▽

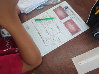 自分の歯の様子を歯磨き前に染め出して確認します。
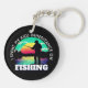 This colourful retro 1980s design shows a man fishing over a scenic background. The words say, "I spent my kids' inheritance on fishing."
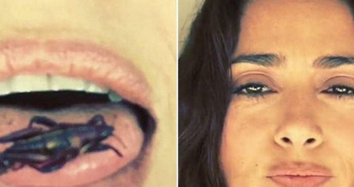 En el vídeo se ve cómo Salma posa, con un grillo muerto sobre su lengua y, sin pensárselo dos veces, lo mastica sin pudor, mientras explica a sus fans que se trata de un insecto comestible de Oaxaca. Foto: Especial
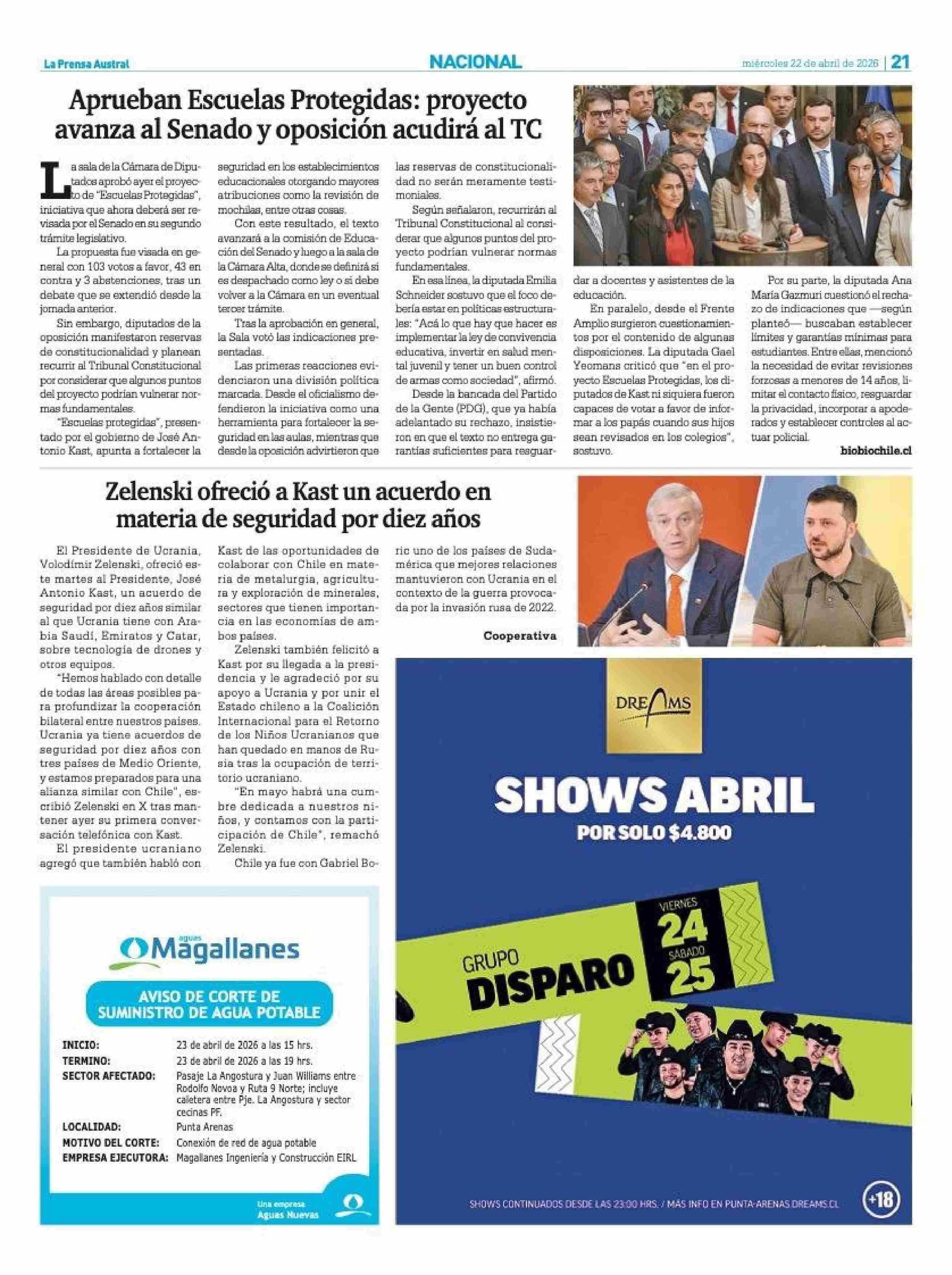 Aprueban Escuelas Protegidas: proyecto avanza al Senado y oposición acudirá al TC 22-04-2026 La Prensa Austral |
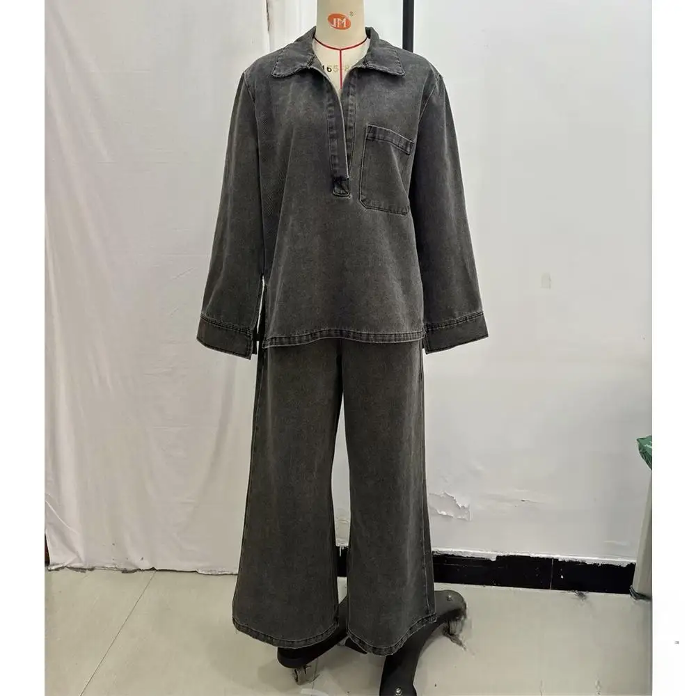 8 reviews for KONDALA Vintage Casual Denim Chic Women Suit V Neck Long Sleeve Tops+Elastic Straight Pants Fashion 2025 Fall Street Wear Sets
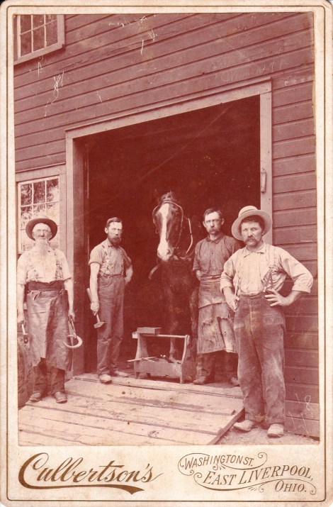 This cabinet photograph looks like a scene from a Clint Eastwood western feature film. It is as if the four men are looking into the street to watch Clint challenge four outlaws to a gunfight. More likely, this photograph captures a portrait of four men who work in an East Liverpool, Ohio blacksmith shop. Note that two of the men are holding  tools of their trade and also take notice that there is a tool box in the center of the image.  In additon, two of the men are wearing aprons and all four men are wearing what appears to be appropriate blacksmith garb. In the center of the photograph is a pretty horse. The photographer of this wonderful portrait is Culbertson’s Art Studio. The Culbertson studio is associated with the seamier side of photography and created quite a scandal in East Liverpool. Harry and Leon Culbertson were brothers and at one point were business partners in the Culbertson Brothers photography studio. On 5/10/1892, Harry was arrested on a charge of taking lewd and indecent photographs. His legal defense was that the photographs were “purely works of art”.The Lowell Daily Courier (Lowell, Massachusetts) reported the story on 5/13/1892. Culbertson claimed that two unknown young woman came to his studio and induced him to photograph them “undraped”.  He left town shortly after his arrest.
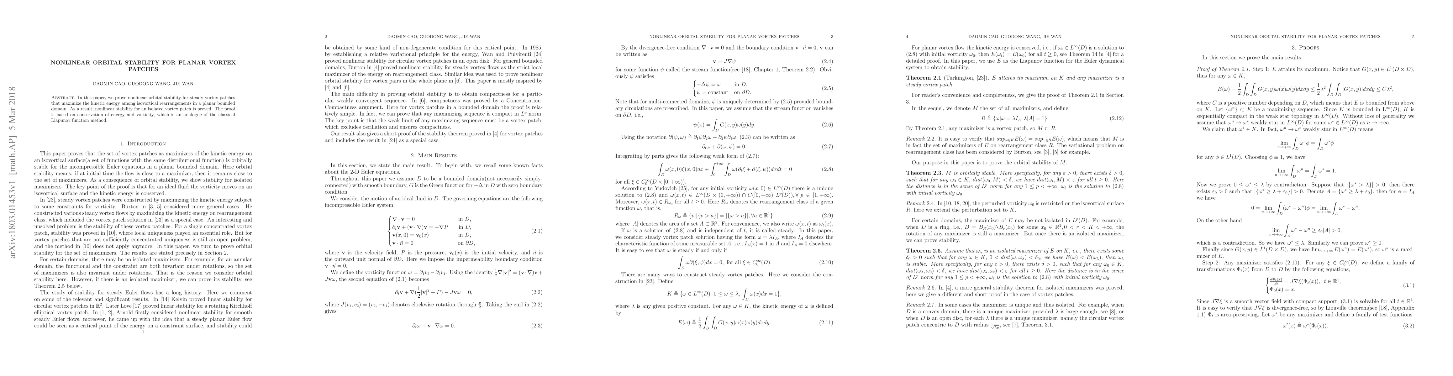 This paper proves nonlinear orbital stability for planar vortex patches that maximize kinetic energy within isovortical rearrangements. The stability proof leverages conservation principles of energy and vorticity, akin to the classical Liapunov function method.
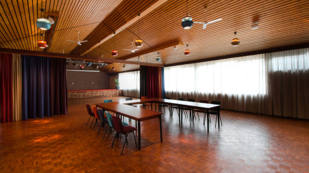 De grote zaal beschikt over een uitbreidbaar toneel met professionele licht- en geluidsinstallatie, inclusief ringleiding voor slechthorenden. De stijlvolle houten vloer is perfect voor dans en evenementen.
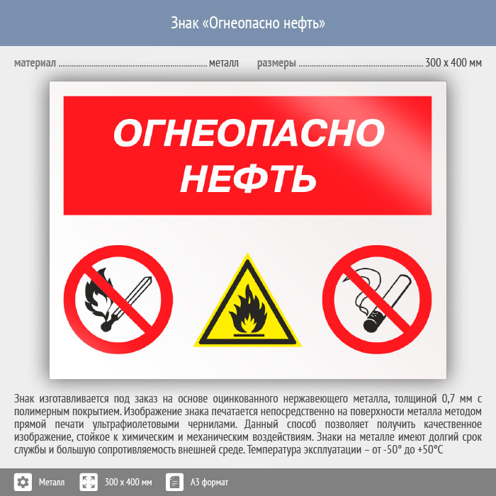 Знак «Огнеопасно нефть», КЗ-31 (металл, 400х300 мм) в Волгограде купить

△

What is expected: Transcribe exactly the lines above, running from the one that contains "De grote zaal" through the final line of the listing, and skip every picture.

Exercise answer:
 De grote zaal beschikt over een uitbreidbaar toneel met professionele licht- en geluidsinstallatie, inclusief ringleiding voor slechthorenden. De stijlvolle houten vloer is perfect voor dans en evenementen.
 Знак «Огнеопасно нефть», КЗ-31 (металл, 400х300 мм) в Волгограде купить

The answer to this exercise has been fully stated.